Data:

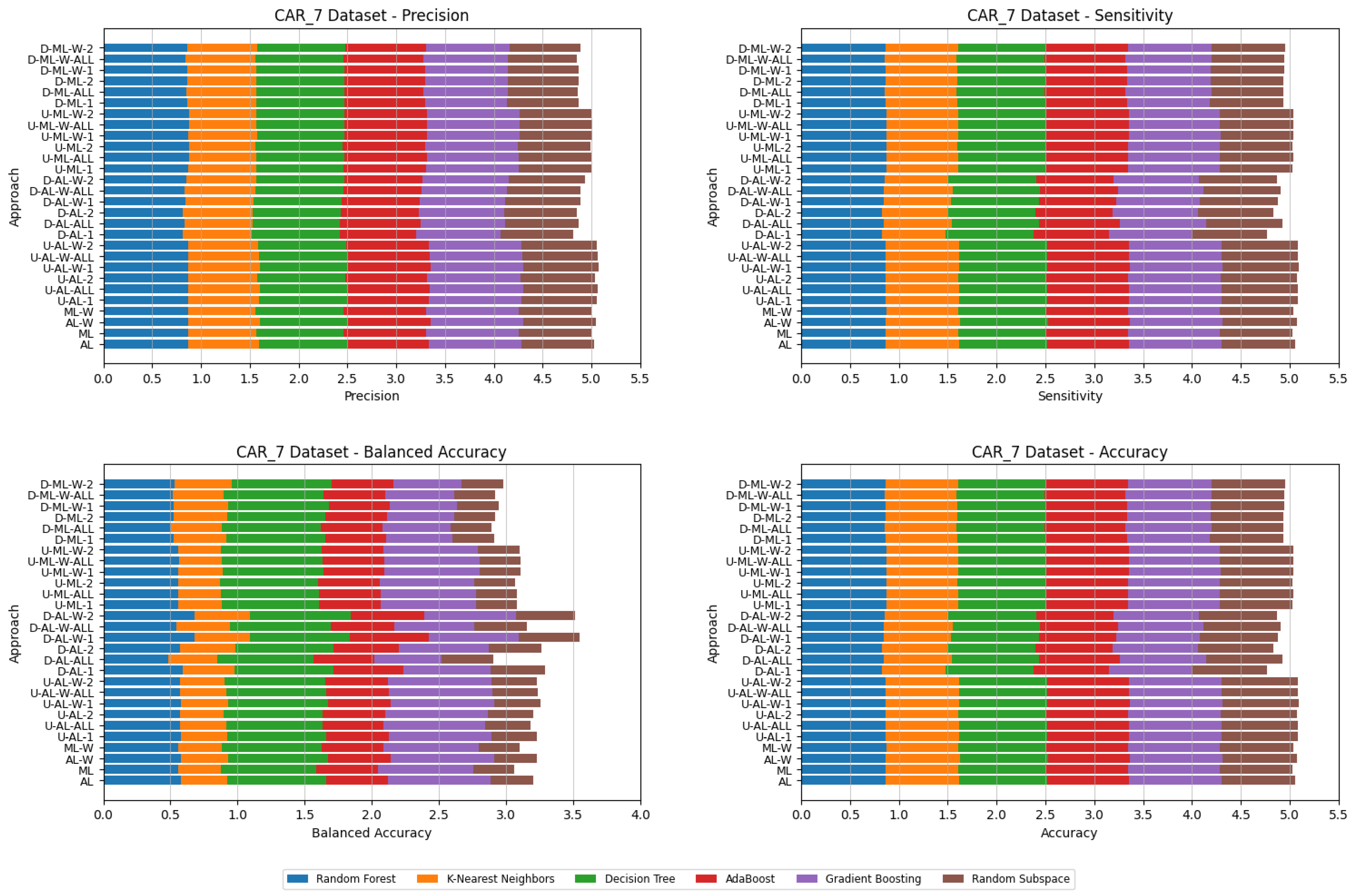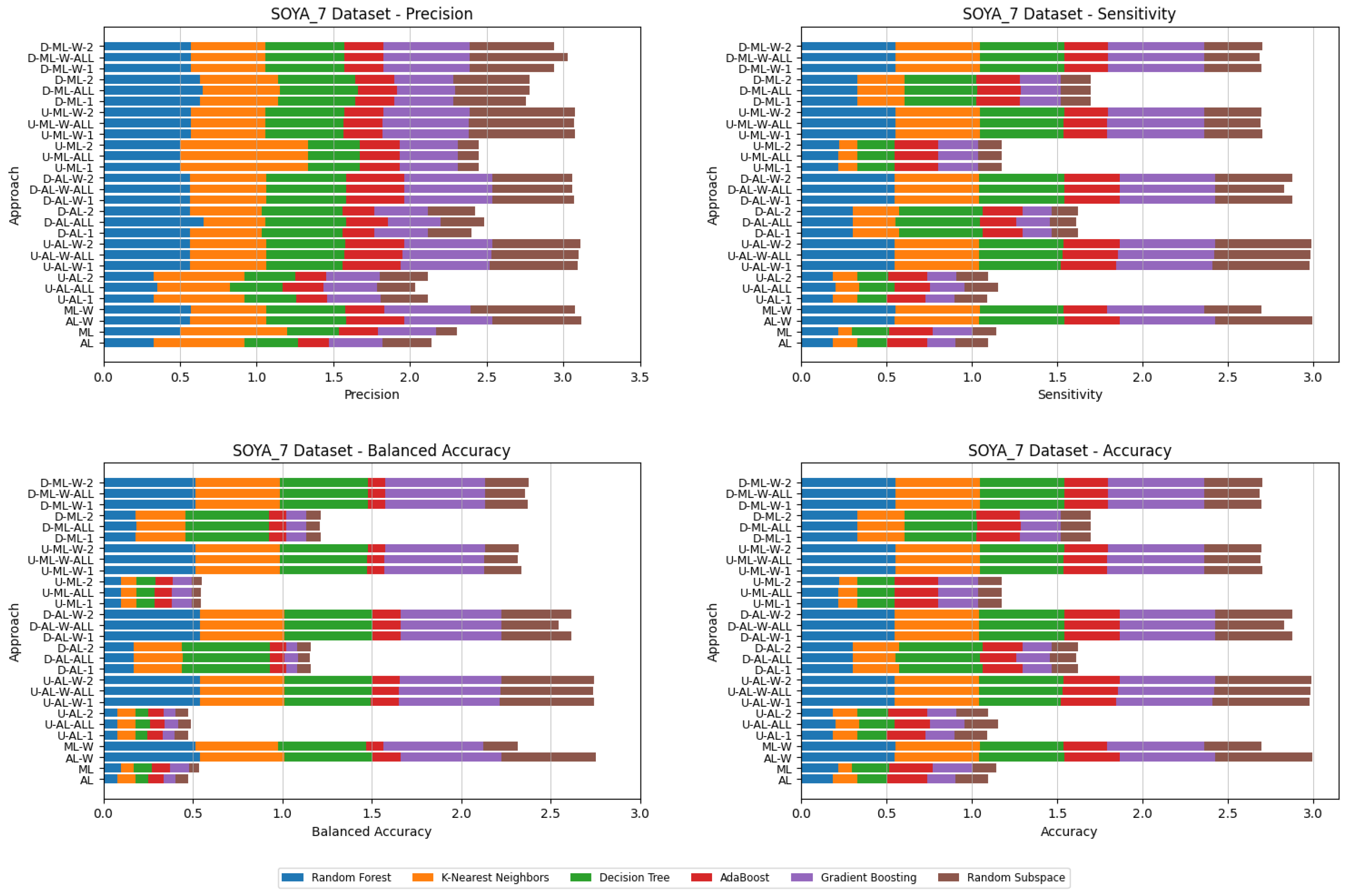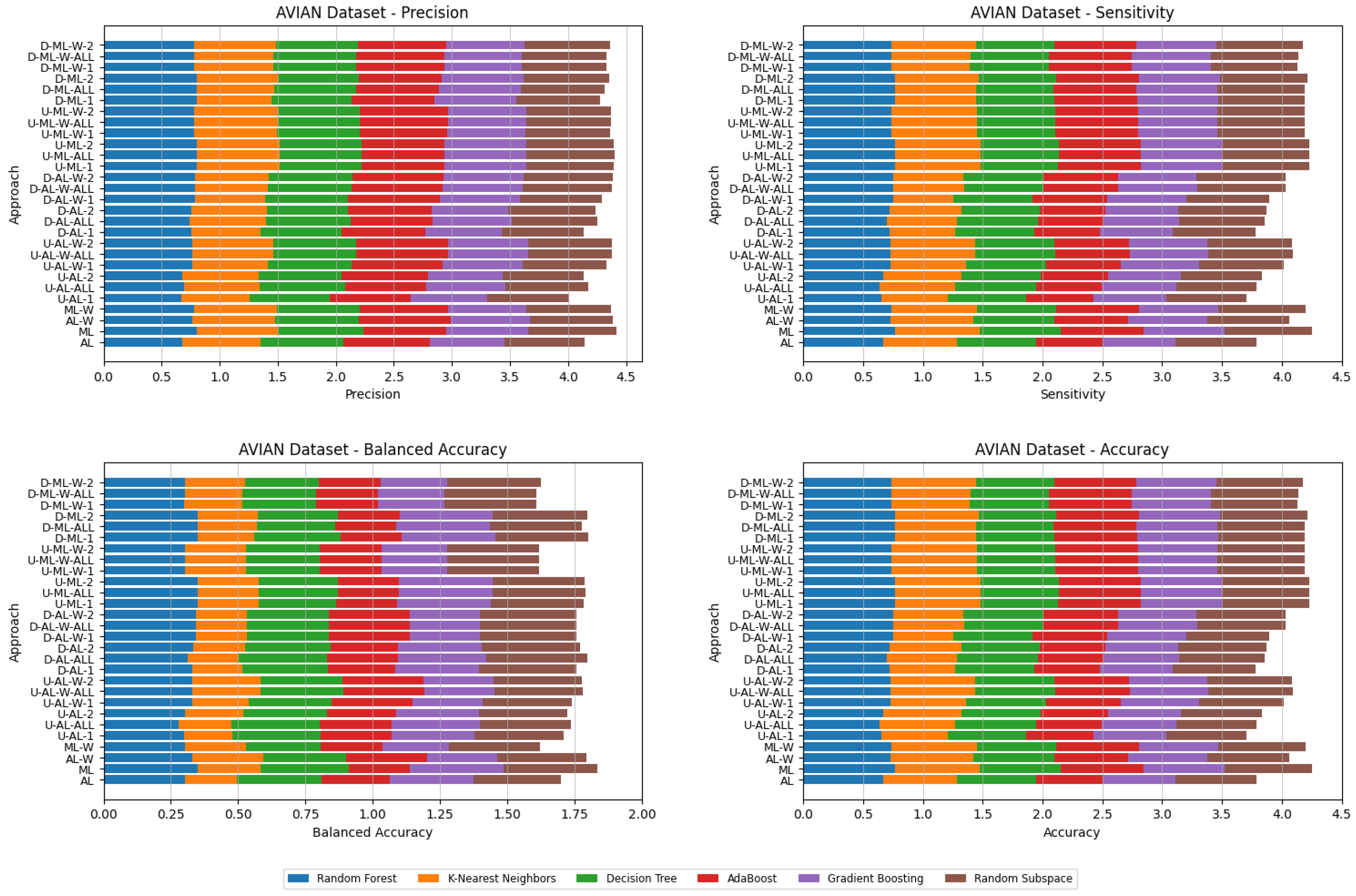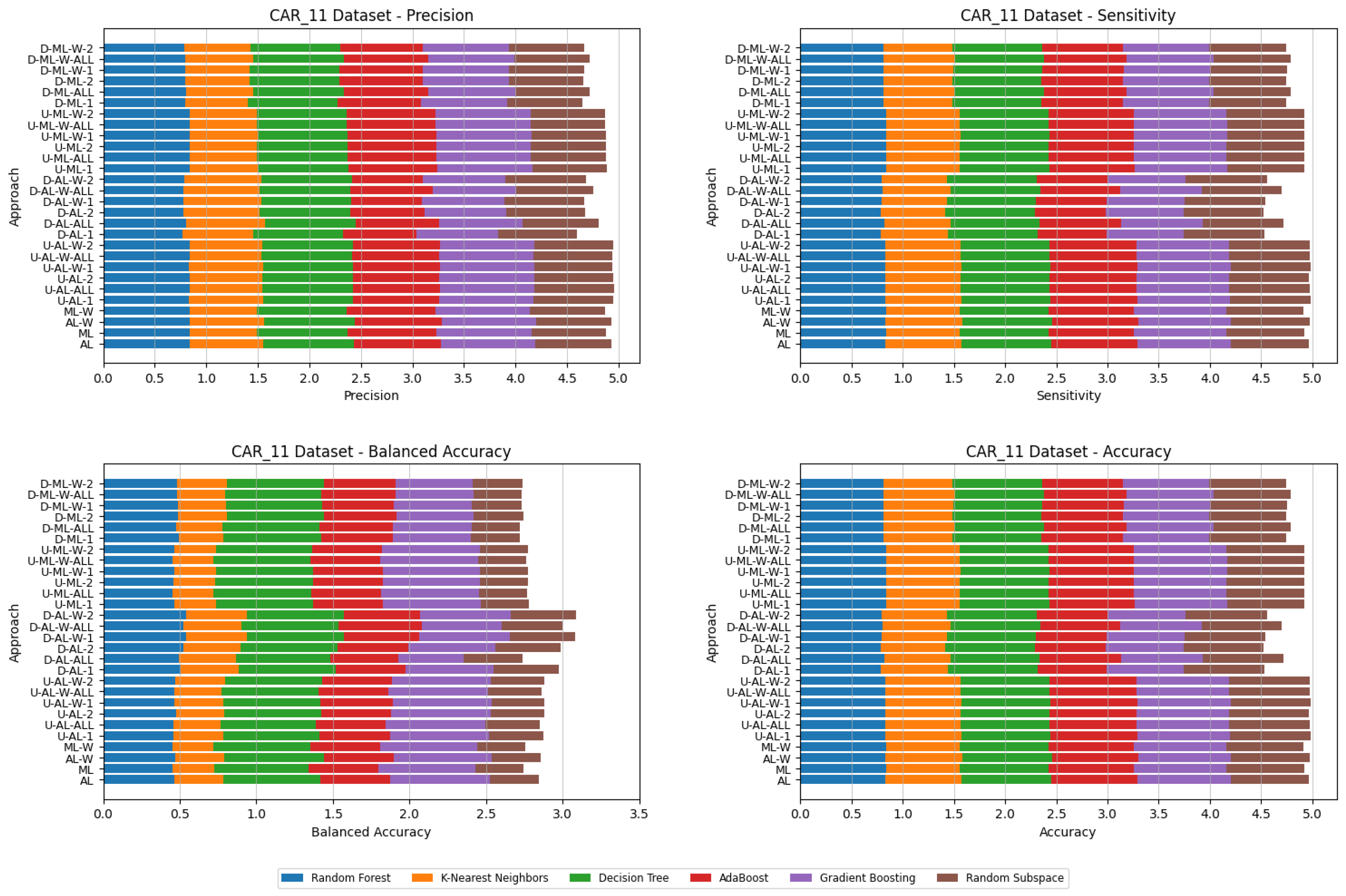 - D-AL-W-2—similar to D-AL-2 but, when summing prediction vectors, weights proportional to the quality of the local model are used.All the above approaches were also used in combination with prediction vectors from the measurement level. Thus, we obtained approaches ML, ML-W, U-ML-1, U-ML-All, U-ML-2, U-ML-W-1, U-ML-W-All, U-ML-W-2, D-ML-1, D-ML-All, D-ML-2, D-ML-W-1, D-ML-W-All, and D-ML-W-2.
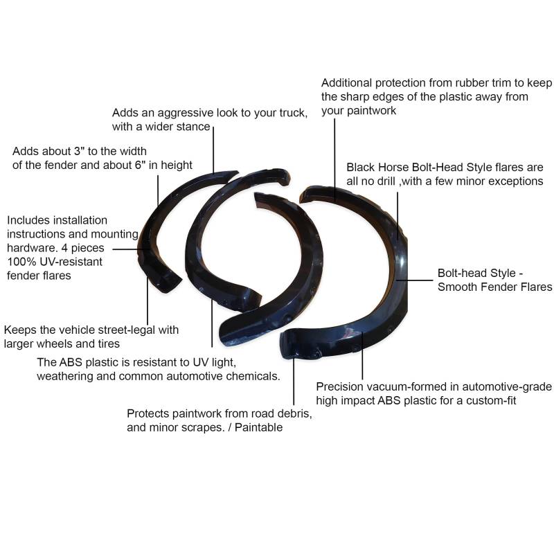 Fender Flares Black Horse Off Road Fender Flares Shiny Black TPO Riveted Style Black Horse Off Road Black Bolt-head Style - Smooth Fender Flares Compatible with 2021-2024 Ford F-150 Keeps the vehicle street -legal with larger wheels and tires. Adds about 3" to the width of the fender and about 6" in height. Precision vacuum-formed in automotive-grade high impact ABS plastic for a custom-fit.
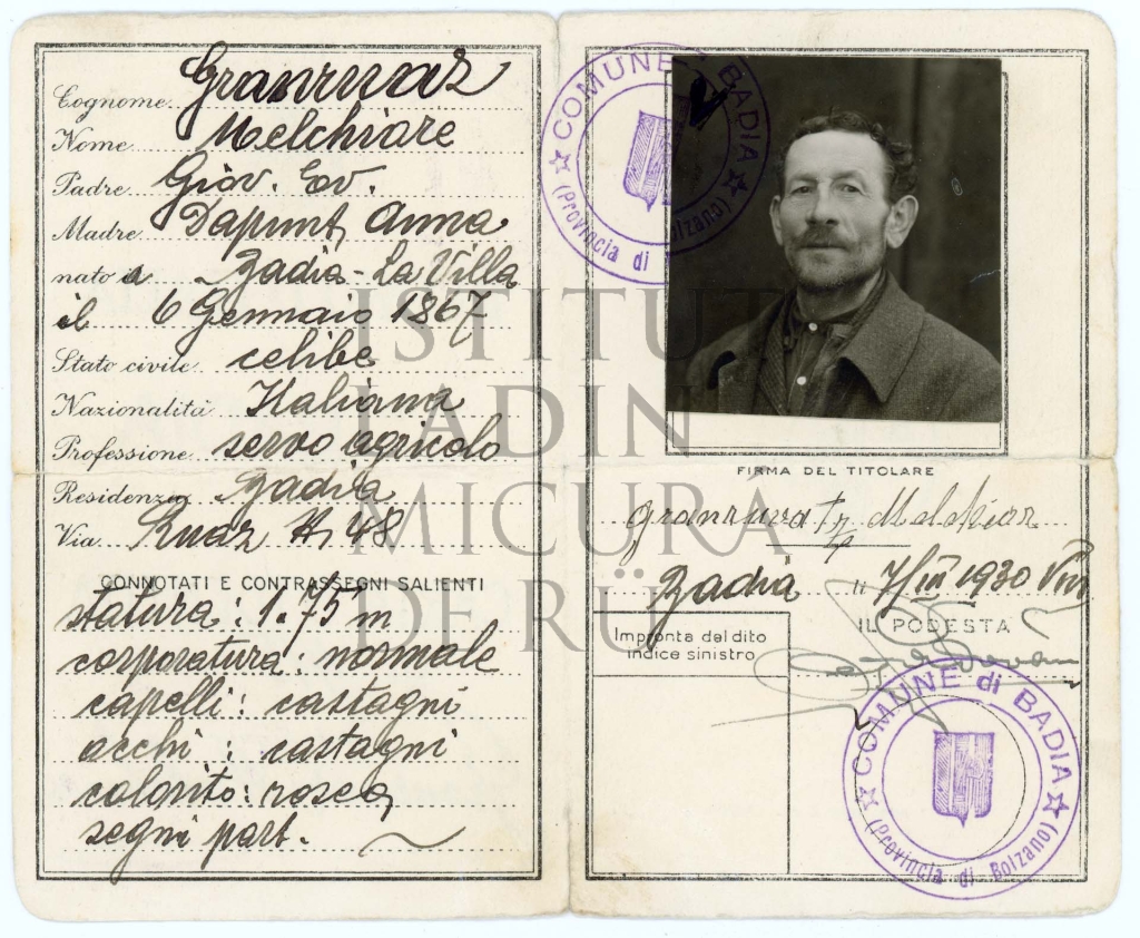 Descriziun: Cherta d'identité dada fora tl 1930 a Granruaz Melchiore, paur da La Ila, nasciü ai 6 de jená dl 1867.
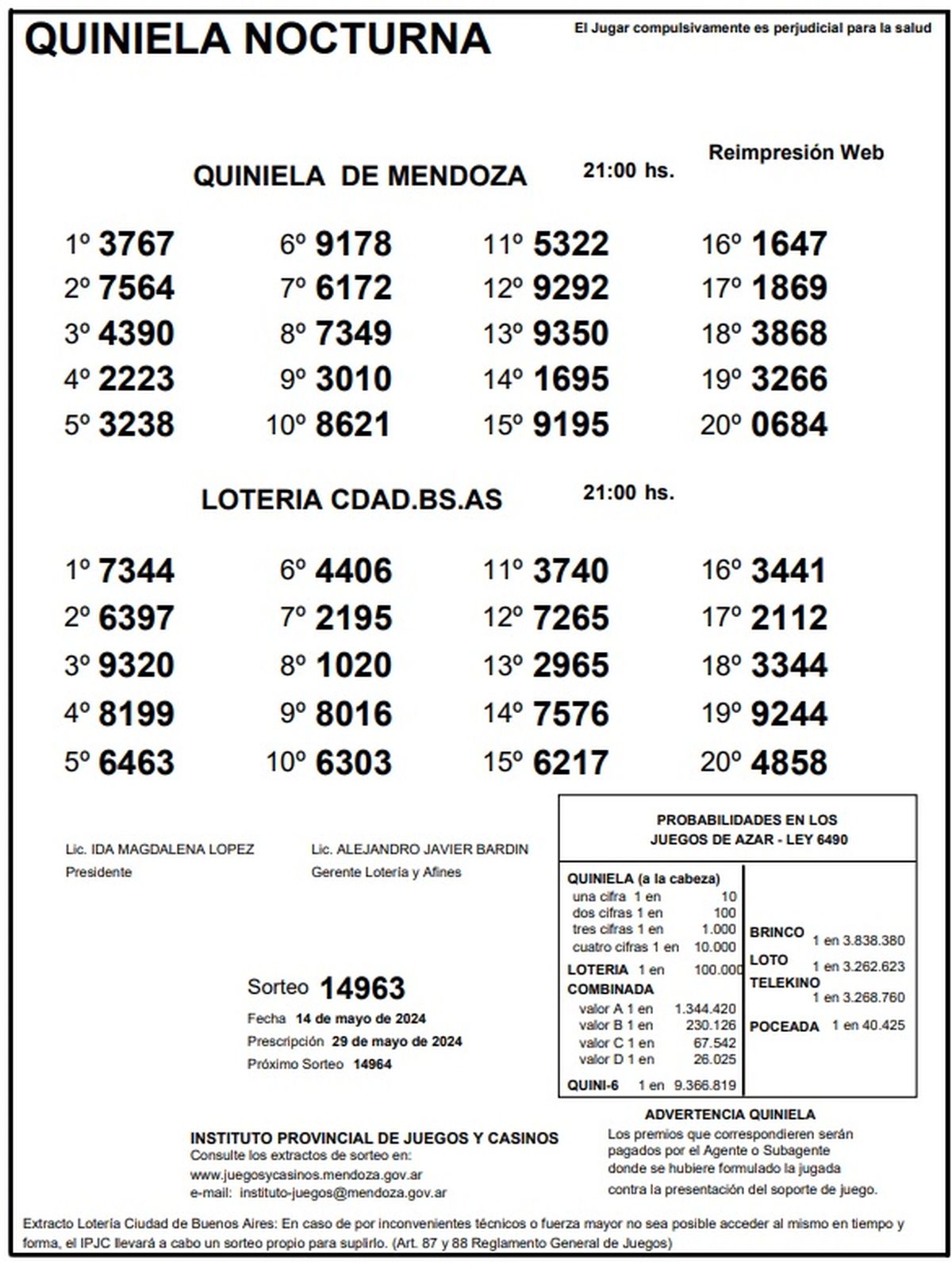 Quiniela de Mendoza: resultados de la Nocturna de hoy, 14 de mayo
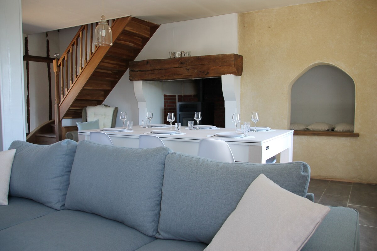 Ett litet men mycket tyst parhus i exponerad sten och stora ekbjälkar typiska för abborre (naturligt ljus ockra gips, moderna vita möbler och massiva ekmöbler). Små terrasser: en front mot söder som mynnar ut på en ihålig stig, en svalare baksida i köksträdgården. Häst, åsna+skogsfält i närheten. Möjlighet till cykeluthyrning på plats för att besöka herrgårdar eller gamla byar i närheten. Garage för cyklar.
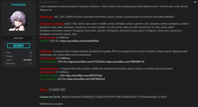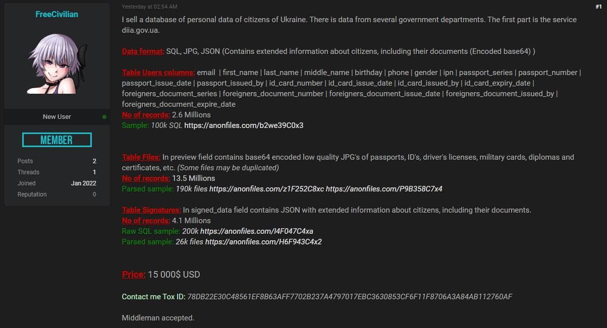 У ніч проти 22 січня невідомий виклав на хакерському форумі Raid forum оголошення про продаж нібито персональних даних українців, отриманих під час кібератаки 14 січня на державні сайти України.
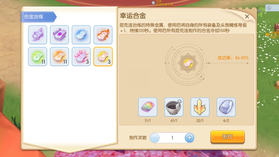 大合金提升15%,持续6分钟(4种属性不共存,是4选1)
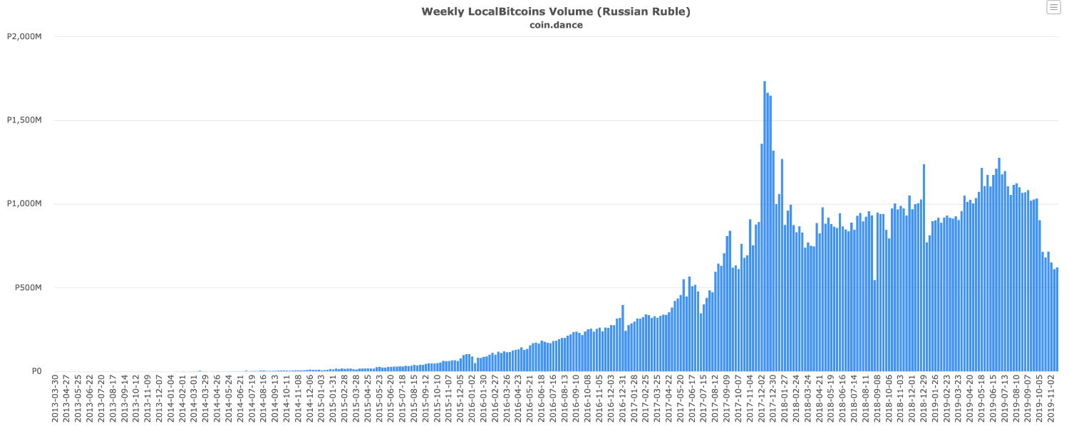 По данным аналитического сервиса CoinDance, за минувшую неделю объем торгов биткоинами (BTC) в паре с рублем на платформе LocalBitcoins вырос до 620 млн рублей (около 10 млн долларов), отодвинувшись от годовых минимумов, зафиксированных неделей ранее на уровне 610 млн рублей. Несмотря на незначительное улучшение, спрос на криптовалюту в России остается низким, а объем торговли устойчиво снижается с июня 2019 года, когда был зафиксирован годовой максимум на уровне 1,29 млрд рублей.
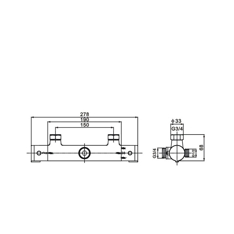 - Termostatická batéria s keramickou hlavou (rozteč 150 mm)
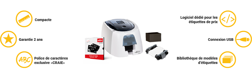 La solution tout-en-un la plus abordable pour créer et imprimer vos étiquettes de prix sur cartes plastiques. Idéale pour des besoins de petits volumes d’étiquettes en impression simple face.

Task details: Write out, exactly as they appear, the lines from the one containing "Descriziun: Cherta d'identité" through the end of the material above, excluding pictures.

Result:
 Descriziun: Cherta d'identité dada fora tl 1930 a Granruaz Melchiore, paur da La Ila, nasciü ai 6 de jená dl 1867.
 Quiniela de Mendoza: resultados de la Nocturna de hoy, 14 de mayo
 Ett litet men mycket tyst parhus i exponerad sten och stora ekbjälkar typiska för abborre (naturligt ljus ockra gips, moderna vita möbler och massiva ekmöbler). Små terrasser: en front mot söder som mynnar ut på en ihålig stig, en svalare baksida i köksträdgården. Häst, åsna+skogsfält i närheten. Möjlighet till cykeluthyrning på plats för att besöka herrgårdar eller gamla byar i närheten. Garage för cyklar.
 У ніч проти 22 січня невідомий виклав на хакерському форумі Raid forum оголошення про продаж нібито персональних даних українців, отриманих під час кібератаки 14 січня на державні сайти України.
 大合金提升15%,持续6分钟(4种属性不共存,是4选1)
 По данным аналитического сервиса CoinDance, за минувшую неделю объем торгов биткоинами (BTC) в паре с рублем на платформе LocalBitcoins вырос до 620 млн рублей (около 10 млн долларов), отодвинувшись от годовых минимумов, зафиксированных неделей ранее на уровне 610 млн рублей. Несмотря на незначительное улучшение, спрос на криптовалюту в России остается низким, а объем торговли устойчиво снижается с июня 2019 года, когда был зафиксирован годовой максимум на уровне 1,29 млрд рублей.
 - Termostatická batéria s keramickou hlavou (rozteč 150 mm)
 La solution tout-en-un la plus abordable pour créer et imprimer vos étiquettes de prix sur cartes plastiques. Idéale pour des besoins de petits volumes d’étiquettes en impression simple face.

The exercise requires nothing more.